Why do I see this error in AQL for a new node that I recently added even though my cluster is running fine?

The Aerospike Knowledge Base has moved to https://support.aerospike.com. Content on https://discuss.aerospike.com is being migrated to either https://support.aerospike.com or https://docs.aerospike.com. Maintenance on articles stored in this repository ceased on December 31st 2022 and this article may be stale. If you have any questions, please do not hesitate to raise a case via https://support.aerospike.com.

Why do I see this error in AQL for a new node that I recently added even though my cluster is running fine?

 2019-09-12 17:31:51 WARN Failed to connect to peer 10.xxx.yy.zz 3000. AEROSPIKE_ERR_CONNECTION Socket write error: 111 from 10.xxx.yy.zz:3000

If AQL works from cluster node B to cluster nodes A and B, but doesn’t work from cluster node A to any other cluster node, it could be a firewall issue (iptables/routing/security-group if AWS or other cloud environment, physical firewall, etc). Aerospike cluster nodes communicate on ports 3001 and 3002 only (by default), so port 3000 between them is not required, which means the cluster would work just fine if port 3000 is not open between the cluster nodes.
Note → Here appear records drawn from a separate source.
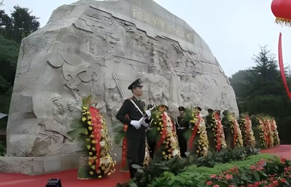 在清晨初陽的映照下,軍人們肅立于“江淮英烈永垂不朽”金色紀念碑前,向先烈敬獻花籃并默哀,氛圍莊嚴肅穆,充滿敬意。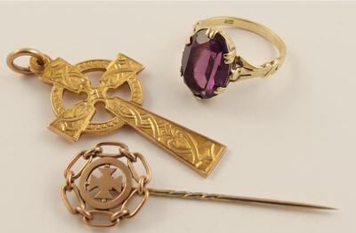 A 9ct engraved Celtic cross, a 9ct gem set ring and a 9ct Maltese cross tie pin weight approx 11.7gms
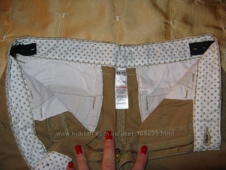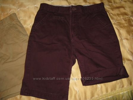 Горчичные и бордовые коттоновые шорты фирмы Georgeна 11-12 лет в идеальном состоянии, постираны один раз, коричневые не одевались, бордовые одеты один раз к огромному сожалению не угадала с размером.Замеры: длина общая без подворота - 47 см, полуобъём в поясе максимум - 37 см (есть утяжка), ширина в бедрах полуобъём по низу ширинки - 46 см ширина штанины по низу полуобъём - 22 см.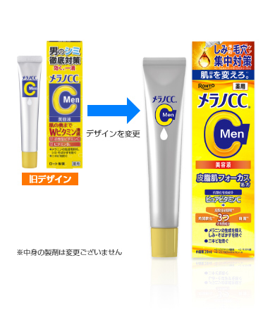 「メラノCC Men 薬用しみ集中対策美容液」は、皮脂肌を考えた独自の処方設計。有効成分としてWビタミン「ピュアビタミンC(抗酸化成分)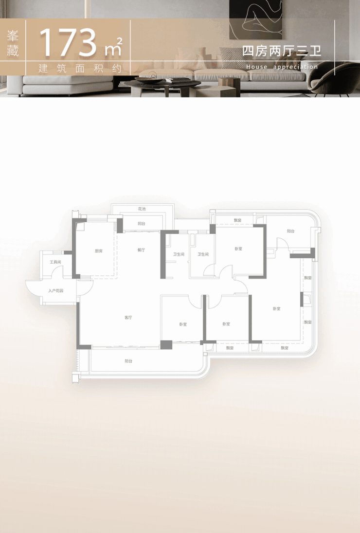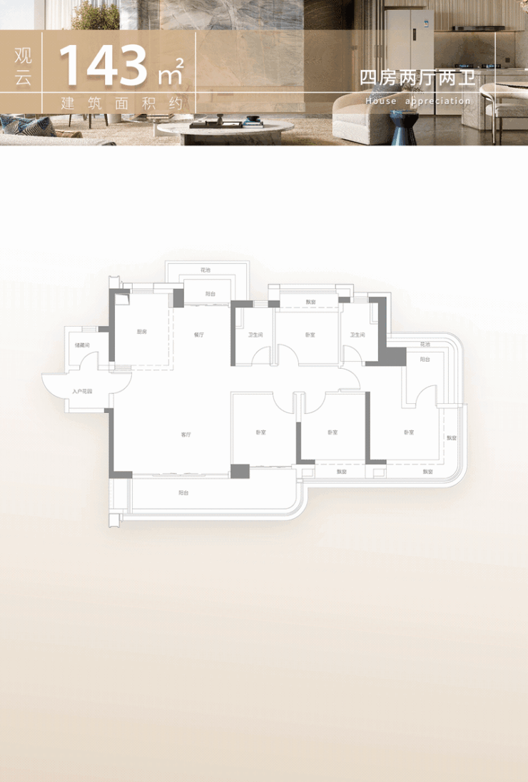 在房地产新政背景下,中建·白云之星的产品力核心集中体现在其对“新规”红利的极致运用上,实现了部分户型使用率超过100%的技术突破。以建面约128平方米的四房户型为例,该户型设计了步入式独立玄关,有效隔绝了室外灰尘与视线干扰;客厅开间达到约5.3米,连接着一个约8米宽的弧形阳台,这种大面宽短进深的格局极大地提升了室内的采光面与通风效率。主卧配备了270°的弧形转角飘窗,将原本属于结构面积的空間转化为可使用的景观延伸区。再看建面约143平方米的四房户型,其创新之处在于“LDKG+X”的宽厅概念,即客厅、餐厅、厨房与家政区的一体化融合,并额外增加了一个多功能“X”空间,可根据家庭需求灵活定义为书房、茶室或儿童游戏区。该户型拥有南北双阳台,实现了真正的南北对流,三面无遮挡的布局保证了每一主要功能间都有自然光线注入;约20平方米的主卧套房内,甚至预留了设置独立衣帽间的尺寸条件。针对多代同堂的家庭,建面约173平方米的户型采用了双套间设计,除了常规的LDKG+X布局与中西双厨配置外,还设置了独立中岛台,增强了家庭社交属性。主卧面积升级至约31平方米,配备了约1.5米宽的独立浴缸,达到了行政套房的舒适度标准。而位于3号楼的建面约226平方米终极改善户型,则完全按照私梯入户的标准打造,两梯两户的板式结构确保了极高的私密性。其LDKG+X超级聚厅包含了豪华客厅、中西双厨以及可容纳大型圆桌的约13.5平方米餐厅,外接约10.8米长的跑道级阳台。四个卧室中特别设置了双重南向套房,通过分区布局照顾老人与年轻人的作息差异,实现“合而不扰”。主卧面积高达约36平方米,配备约1.7米宽浴缸及美妆冰箱等细节设施,全屋交付标准涵盖国际一线品牌建材,并预装了华为鸿蒙智能系统,支持AI跌倒监测、门窗智能电控等场景化应用,展现了其在智能化人居方面的探索。

Refer to Network configuration for details on Aerospike default ports.

Here are some troubleshooting steps to help narrow down:

  1. When trying to connect from a node to itself (A to A) try both external and internal (localhost) IPs.

  2. You can try a telnet test to port 3000 between the nodes, trying different combinations (including from a jump server outside the cluster).

If telnet works in most cases but fails in some, it is most likely a firewall issue.

Timestamp

September 2019